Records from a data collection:
========================================================================

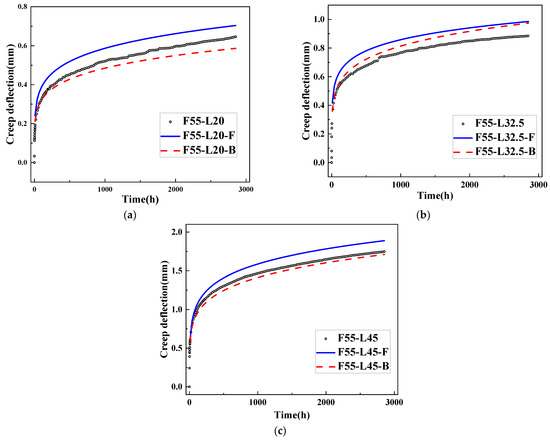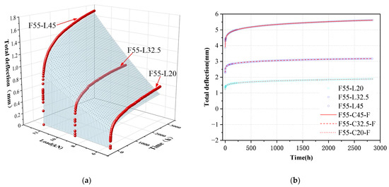 - The results reveal that the creep behavior of the GFRP pultrusion tubes exhibits linear viscoelasticity when the load level is below 45%. In terms of creep deflection, the Findley model exhibits superior fitting performance compared to the Bailey–Norton model for the creep curves at 20% and 32.5% load levels. The maximum error between its total deflection curve’s fitted values and the test values is only 0.4%. This is because the Findley model takes into account not only the deflection changes during the creep stage but also the initial static deflection of the specimens.
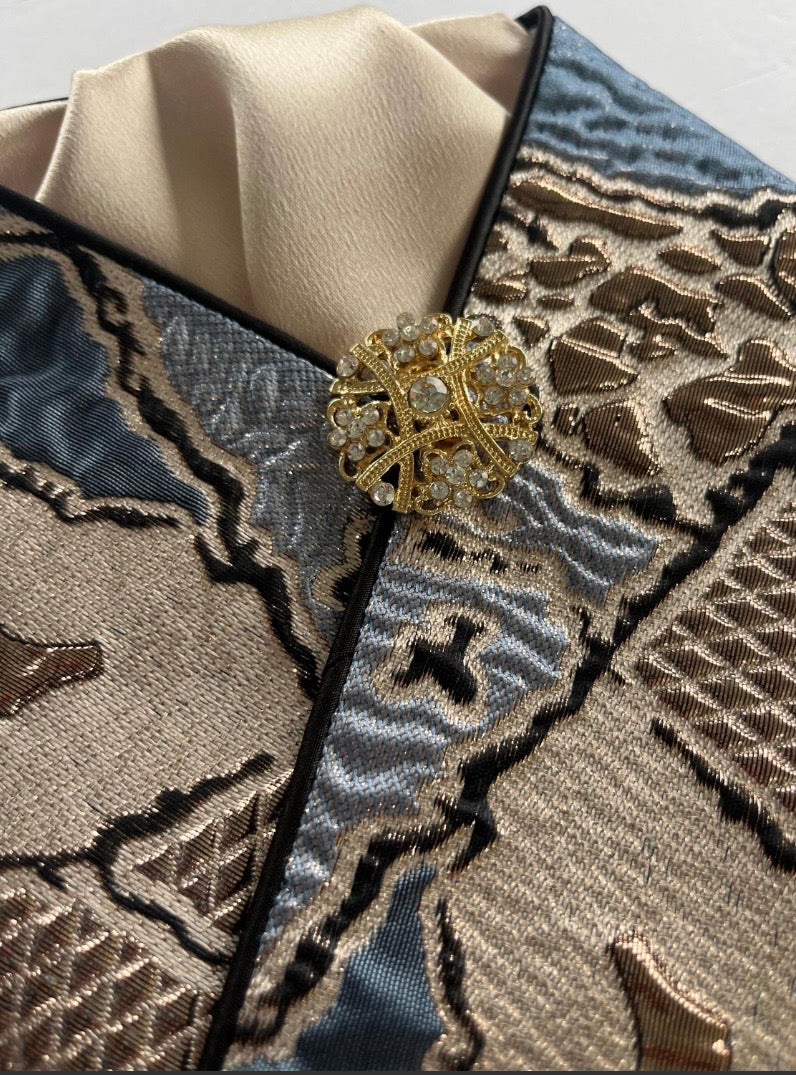 Abstract brocade patterned fabric with champagne accents. Due to the nature of this pattern, you may receive a different section on the fabric in your stock tie but all colors will be represented. It is finished with gold brooch. This stock tie goes very well with multiple colored coats making it one of our most versatile.
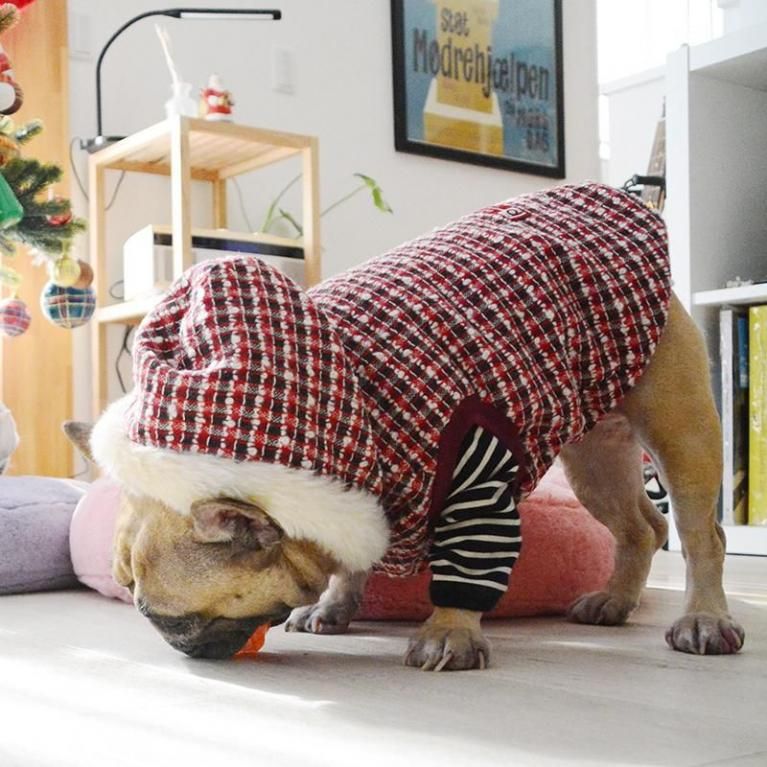 モデル:ルーシー【2代目】(♀) 着用サイズ:FB-M (首回り:32cm / 胴回り:47cm / 着丈:28cm)
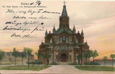 ![]() Early postcard of St Pauli with the Dahlgrenska Stiftelen in the background to the left |
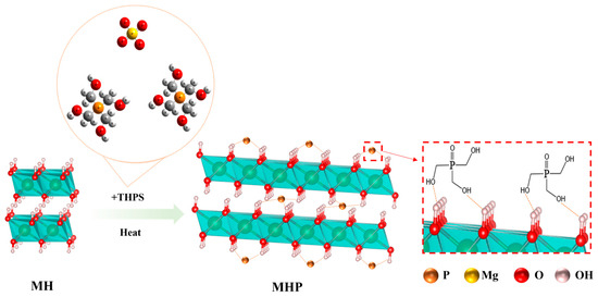 Phosphorus-containing compounds can be combined with MH flame-retardants to achieve synergistic effects, enhancing flame-retardant performance [30,31] through gas-phase and condensed-phase flame-retardant mechanisms [32,33,34]. Phosphorus-containing species released during combustion can react with gas-phase radicals (·OH, ·H, etc.), effectively terminating the flame propagation process. In the condensed phase, the stable phosphorus-carbon char layer forms and acts as a barrier layer to block heat and pyrolysis products. Furthermore, the phosphorus compounds promote the polymer matrix’s carbonization, improving the thermal stability and structural integrity of the residual char. The dual mechanism improves flame retardancy by slowing down the pyrolysis process as well as shielding the substrate beneath from additional deterioration. To date, various methods have been developed to obtain phosphorus-modified magnesium hydroxide [35,36,37]. Zhao et al. [38] studied a hierarchical core–shell architecture flame-retardant, in which magnesium hydroxide is modified by cyclic cross-linked polyphosphazene (MH@CPZN), with the samples significantly reinforcing the flame resistance of styrene-butadiene-styrene asphalt (SBSA) while also elevating the asphalt’s fire safety and smoke suppression performance. Yao et al. [39] reported that MH modified with PZN (MH-PZPI-BA) showed enhanced flame-retardant performance and improved smoke suppression properties. Among various phosphorus-based compounds, Tetrakis(hydroxymethyl)phosphonium sulfate (THPS) is a colorless and transparent liquid that readily decomposes into non-toxic substances, making it an eco-friendly and sustainable compound [40,41]. THPS contains four reactive hydroxymethyl groups and is capable of inserting itself into the interlayer spaces of MH to increase the generation of a stable protective layer. Meanwhile, as a halogen-free phosphorus source, THPS can further enhance the flame-retardant effect of magnesium hydroxide through gas-phase free radical capture and solid-phase char formation [42].
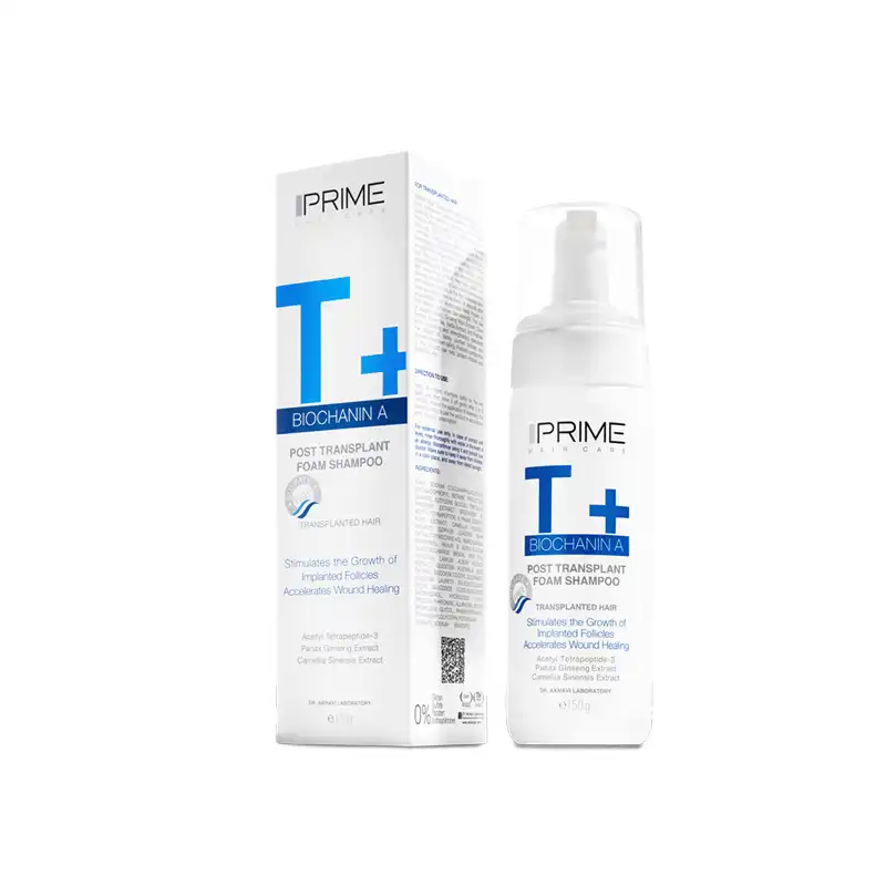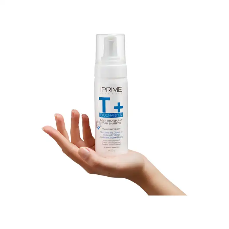 شامپو فوم پس از کاشت مو پرایم دارای پایه ملایم، فاقد سولفات، مناسب شستشو و پاکسازی پوست سر حامل فولیکولهای پیوندی پس از انواع روشهای کاشت مو مانند SUT، FIT،FUT و سایر روشهای ترکیبی میباشد.
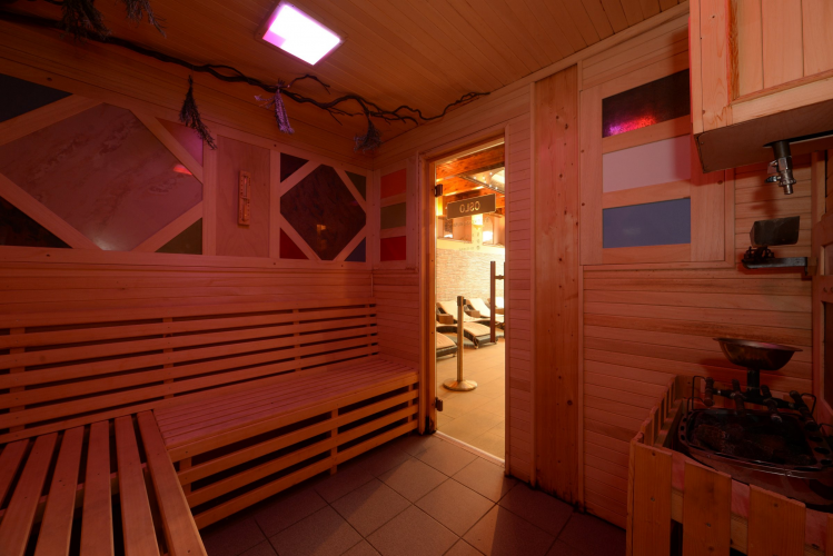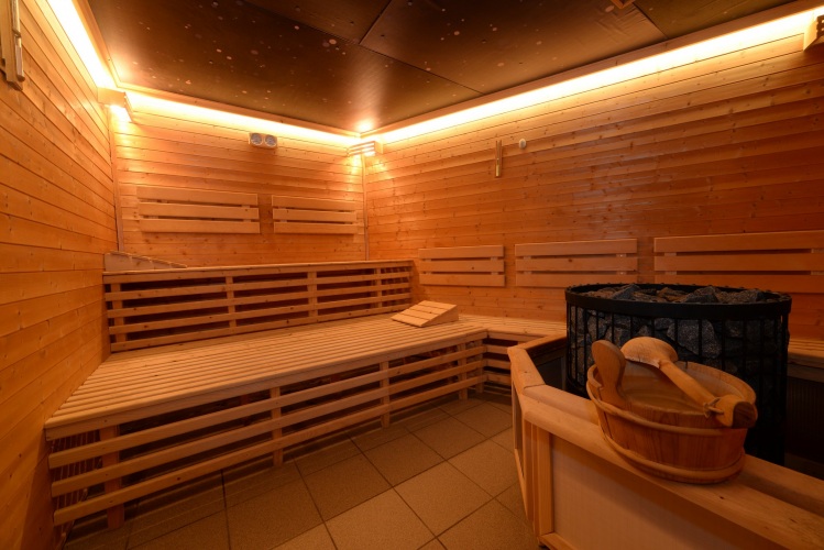 louka, finská sauna „HELSINKY“, biosauna „OSLO“, solný parní box „SALZBURG“ a
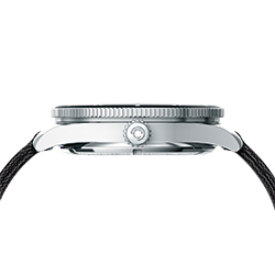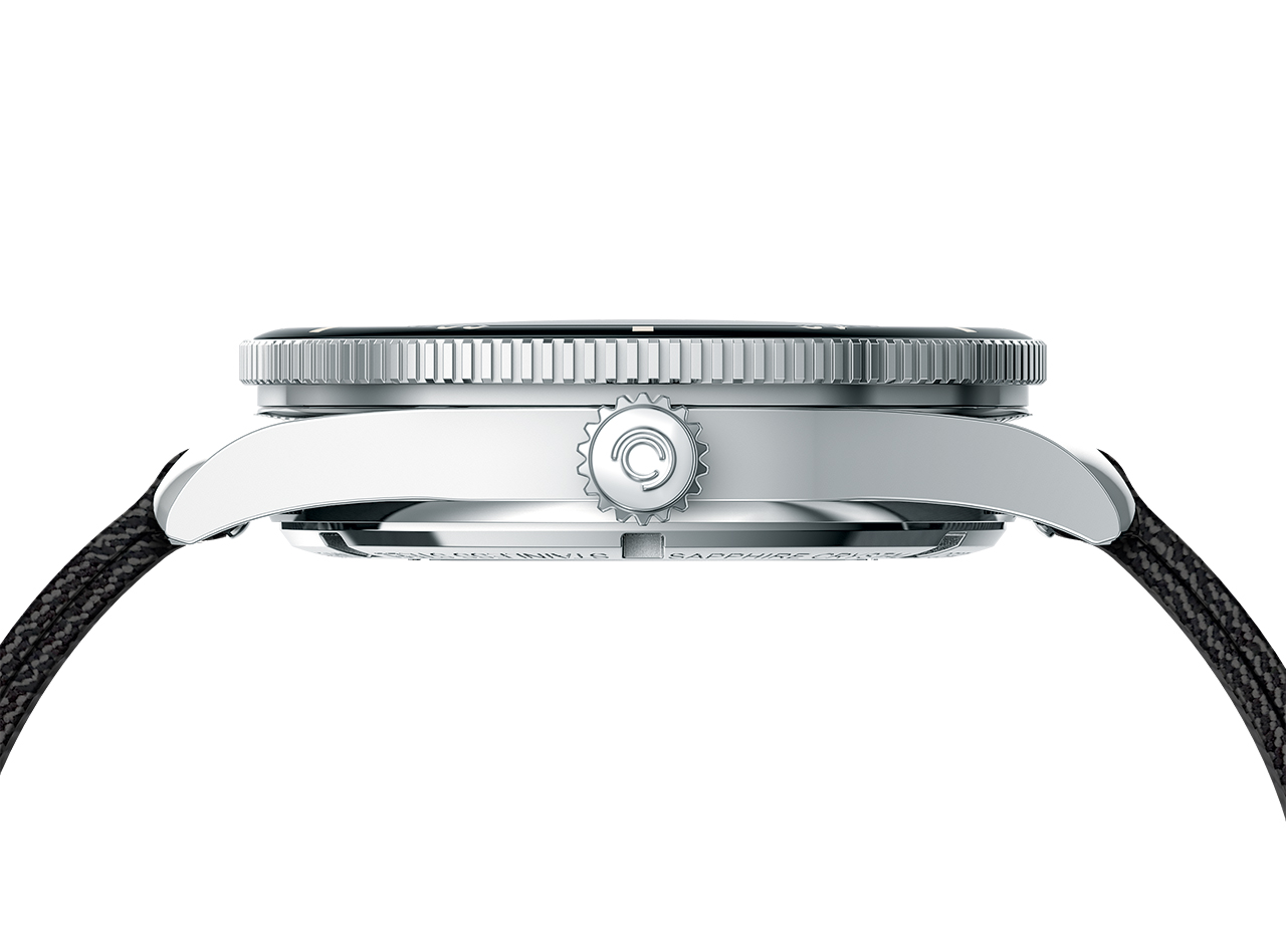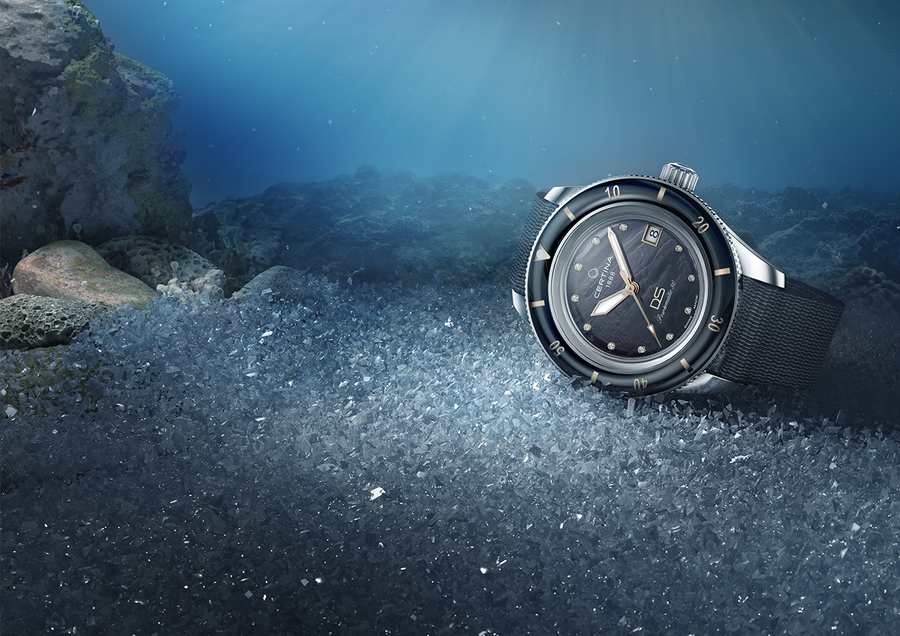 Ремешок и упаковка часов выполнены в экологически ответственном ключе. Антрацитовый синтетический ремешок изготовлен из материала #tide ocean material®. Название говорит само за себя: пластиковый мусор, собранный в океане, перерабатывается в прочные и высококачественные ремешки для часов. Часы поставляются в черно-золотой упаковке, изготовленной из экологичного картона, легко поддающегося переработке.

========================================================================

* Your assignment: Your reply should be the entries above, repeated exactly and free of pictures.

* Written solution:
 - The results reveal that the creep behavior of the GFRP pultrusion tubes exhibits linear viscoelasticity when the load level is below 45%. In terms of creep deflection, the Findley model exhibits superior fitting performance compared to the Bailey–Norton model for the creep curves at 20% and 32.5% load levels. The maximum error between its total deflection curve’s fitted values and the test values is only 0.4%. This is because the Findley model takes into account not only the deflection changes during the creep stage but also the initial static deflection of the specimens.
 Abstract brocade patterned fabric with champagne accents. Due to the nature of this pattern, you may receive a different section on the fabric in your stock tie but all colors will be represented. It is finished with gold brooch. This stock tie goes very well with multiple colored coats making it one of our most versatile.
 モデル:ルーシー【2代目】(♀) 着用サイズ:FB-M (首回り:32cm / 胴回り:47cm / 着丈:28cm)
 ![]() Early postcard of St Pauli with the Dahlgrenska Stiftelen in the background to the left |
 Phosphorus-containing compounds can be combined with MH flame-retardants to achieve synergistic effects, enhancing flame-retardant performance [30,31] through gas-phase and condensed-phase flame-retardant mechanisms [32,33,34]. Phosphorus-containing species released during combustion can react with gas-phase radicals (·OH, ·H, etc.), effectively terminating the flame propagation process. In the condensed phase, the stable phosphorus-carbon char layer forms and acts as a barrier layer to block heat and pyrolysis products. Furthermore, the phosphorus compounds promote the polymer matrix’s carbonization, improving the thermal stability and structural integrity of the residual char. The dual mechanism improves flame retardancy by slowing down the pyrolysis process as well as shielding the substrate beneath from additional deterioration. To date, various methods have been developed to obtain phosphorus-modified magnesium hydroxide [35,36,37]. Zhao et al. [38] studied a hierarchical core–shell architecture flame-retardant, in which magnesium hydroxide is modified by cyclic cross-linked polyphosphazene (MH@CPZN), with the samples significantly reinforcing the flame resistance of styrene-butadiene-styrene asphalt (SBSA) while also elevating the asphalt’s fire safety and smoke suppression performance. Yao et al. [39] reported that MH modified with PZN (MH-PZPI-BA) showed enhanced flame-retardant performance and improved smoke suppression properties. Among various phosphorus-based compounds, Tetrakis(hydroxymethyl)phosphonium sulfate (THPS) is a colorless and transparent liquid that readily decomposes into non-toxic substances, making it an eco-friendly and sustainable compound [40,41]. THPS contains four reactive hydroxymethyl groups and is capable of inserting itself into the interlayer spaces of MH to increase the generation of a stable protective layer. Meanwhile, as a halogen-free phosphorus source, THPS can further enhance the flame-retardant effect of magnesium hydroxide through gas-phase free radical capture and solid-phase char formation [42].
 شامپو فوم پس از کاشت مو پرایم دارای پایه ملایم، فاقد سولفات، مناسب شستشو و پاکسازی پوست سر حامل فولیکولهای پیوندی پس از انواع روشهای کاشت مو مانند SUT، FIT،FUT و سایر روشهای ترکیبی میباشد.
 louka, finská sauna „HELSINKY“, biosauna „OSLO“, solný parní box „SALZBURG“ a
 Ремешок и упаковка часов выполнены в экологически ответственном ключе. Антрацитовый синтетический ремешок изготовлен из материала #tide ocean material®. Название говорит само за себя: пластиковый мусор, собранный в океане, перерабатывается в прочные и высококачественные ремешки для часов. Часы поставляются в черно-золотой упаковке, изготовленной из экологичного картона, легко поддающегося переработке.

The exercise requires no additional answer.